Apolline in "The Dentist" asks the question: Should dentists help the Government implement its dental health policy?
My first instinct is to determine what policies the government actually has. In this I am drawing a distinction between policy and policy statements. I have problems accepting that a policy is existing unless some purposive action has been taken. Anything else remains just a policy statement. Hence, expanding access. Is this policy or a policy statement, considering the limitations on funding? Policy also has to have a purpose (otherwise why was it developed?). Hence, the NICE guidance on recalls. This fulfils my prior condition in that action has been taken (requirement to fill in boxes on forms, monitoring etc). But where does it stand as to its clear and published purpose? Is it to increase the number of patients going to the dentist at no change in cost (the favourite from what I hear and read)? Is it in response to a published evidence base (absent) as part of a policy to put as much of dental practice on an evidence-based footing as possible? In both of these cases it is, in any case, more of a strategy to help deliver a policy. The bottom line is, sadly, that we cannot rely on politics to tell us what policy is. We have to work it out for ourselves and this is not easy.
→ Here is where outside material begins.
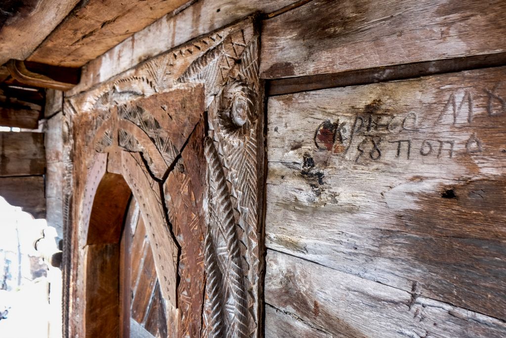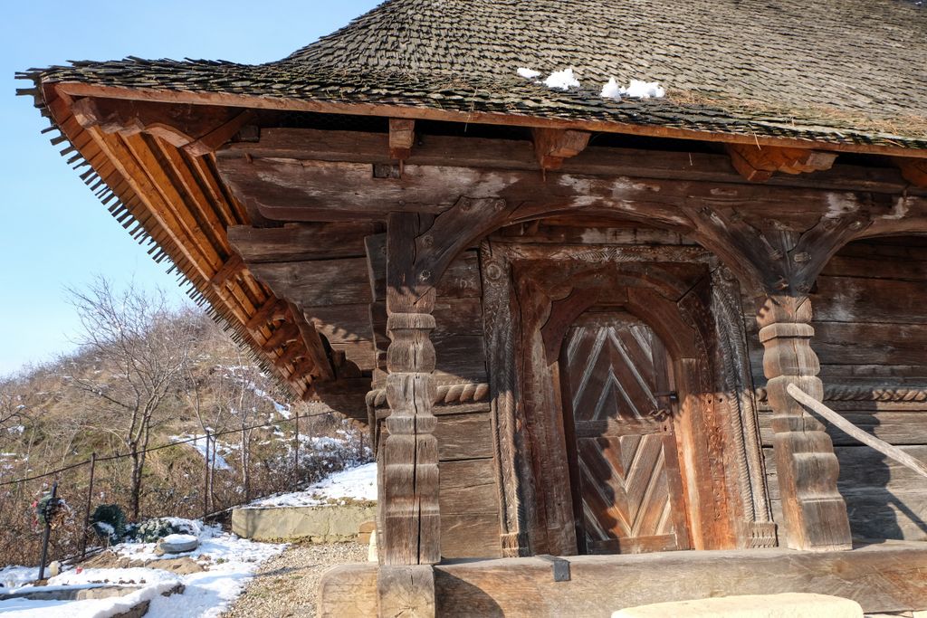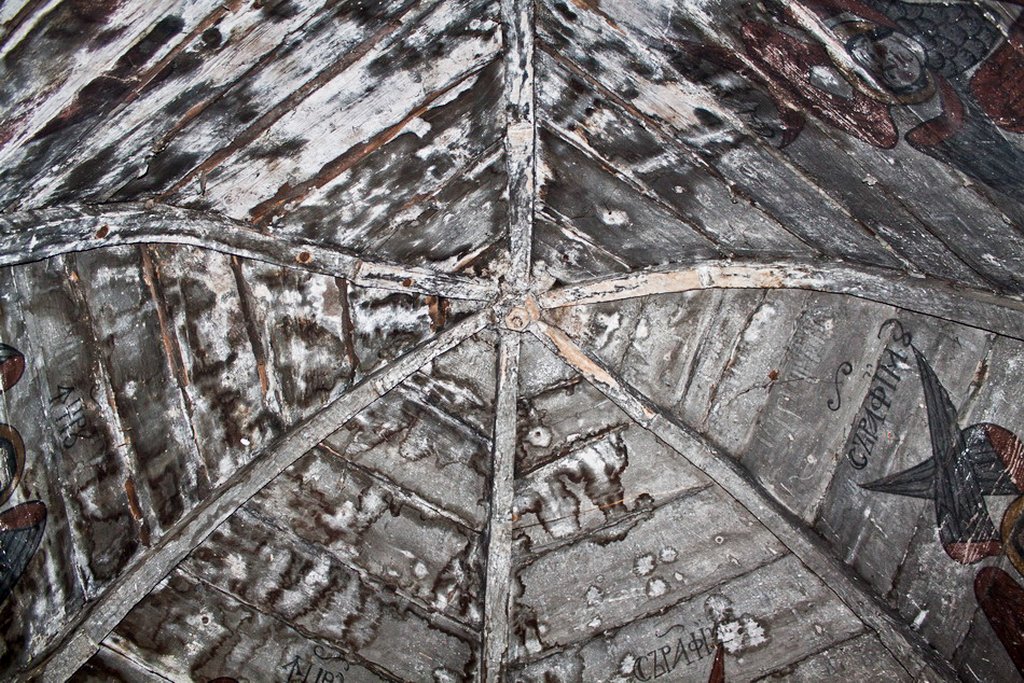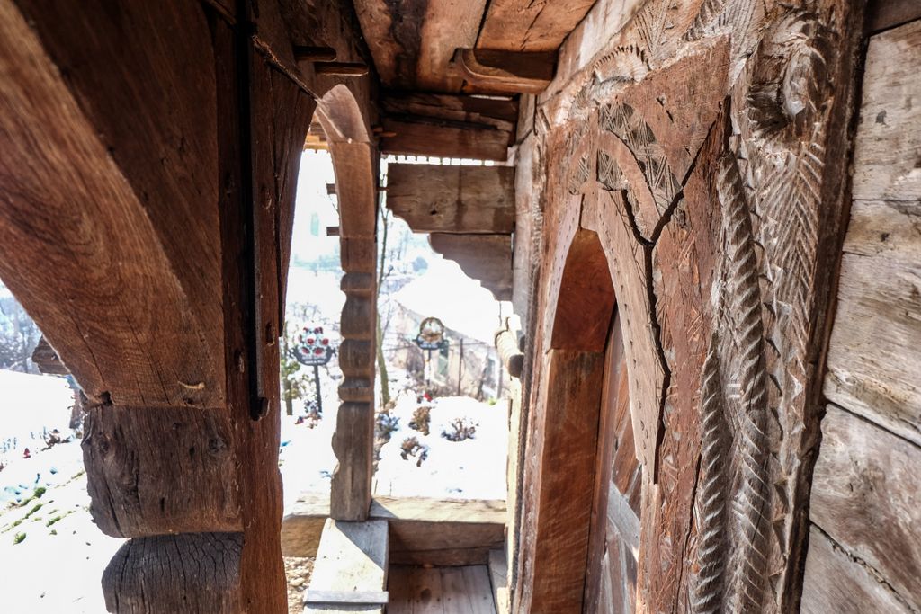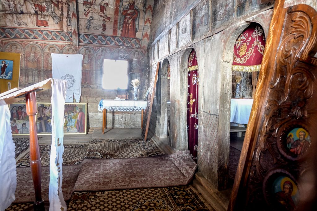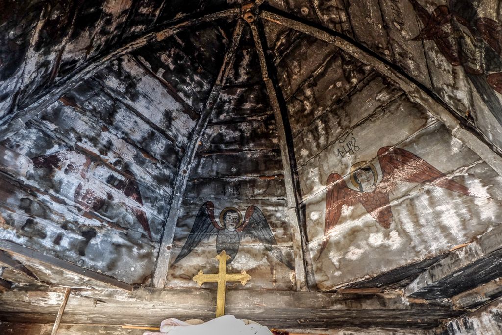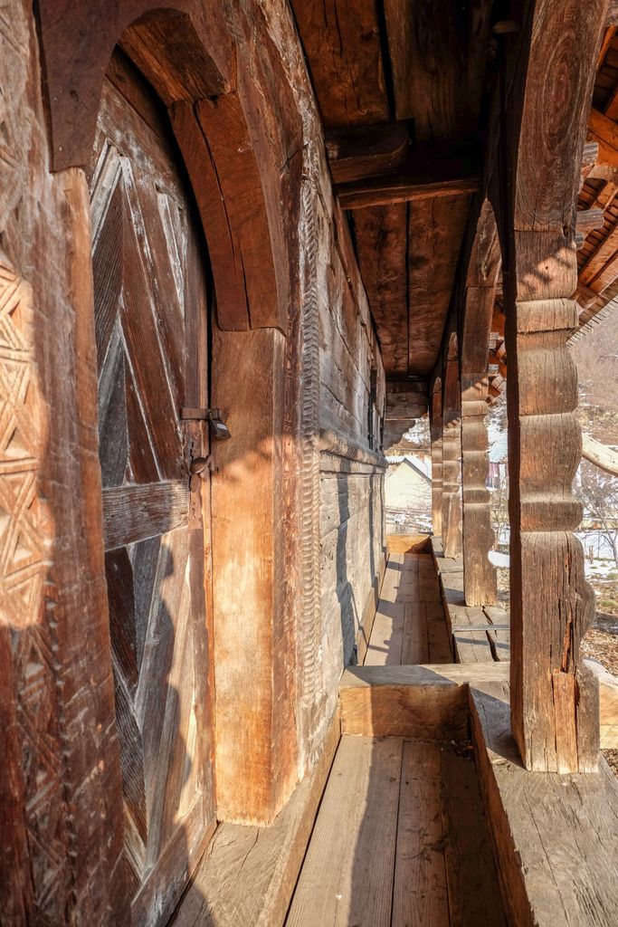 Și imaginea asta mi-a rămas întipărită pe retină, în minte, în suflet, și degeaba aș mai fi încercat să îmi mut atenția înspre altceva, ar fi fost de prisos. Lucrătura deosebită a bisericii, atât a exteriorului, mai ales ușa bisericii, al cărei cadru e foarte frumos sculptat și împodobit cu niște brâuri în relief, cât și a interiorului ar fi meritat să zăbovesc mai mult acolo, cu gândul și privirea. Pridvorul, care se întinde pe toată lungimea pronaosului și naosului, e constituit dintr-o succesiune de cinci stâlpi, frumos decorați, între care se intercalează arcade formate de contrafișele pridvorului, cuie de lemn cu capete decorative legând contrafișele de stâlpi. Și, pe lângă toate astea, picturile, atribuite zugravului Nichita, sînt altfel decât la celelalte biserici, bine păstrate și variate. Însă zâmbetul acela liniștitor al îngerilor și serafimilor…

So, to return to the question. Should dentists help the Government implement its dental health policy? If we decide that there is a policy and we can also work out what this policy is then we can say that we can support it if it is, itself, supported by an evidence base. The practical problem arises, of course, when non-evidence based strategies to deliver a policy end up in legislation or a condition of holding or retaining a dental contract. We're now into ethics. That's another day.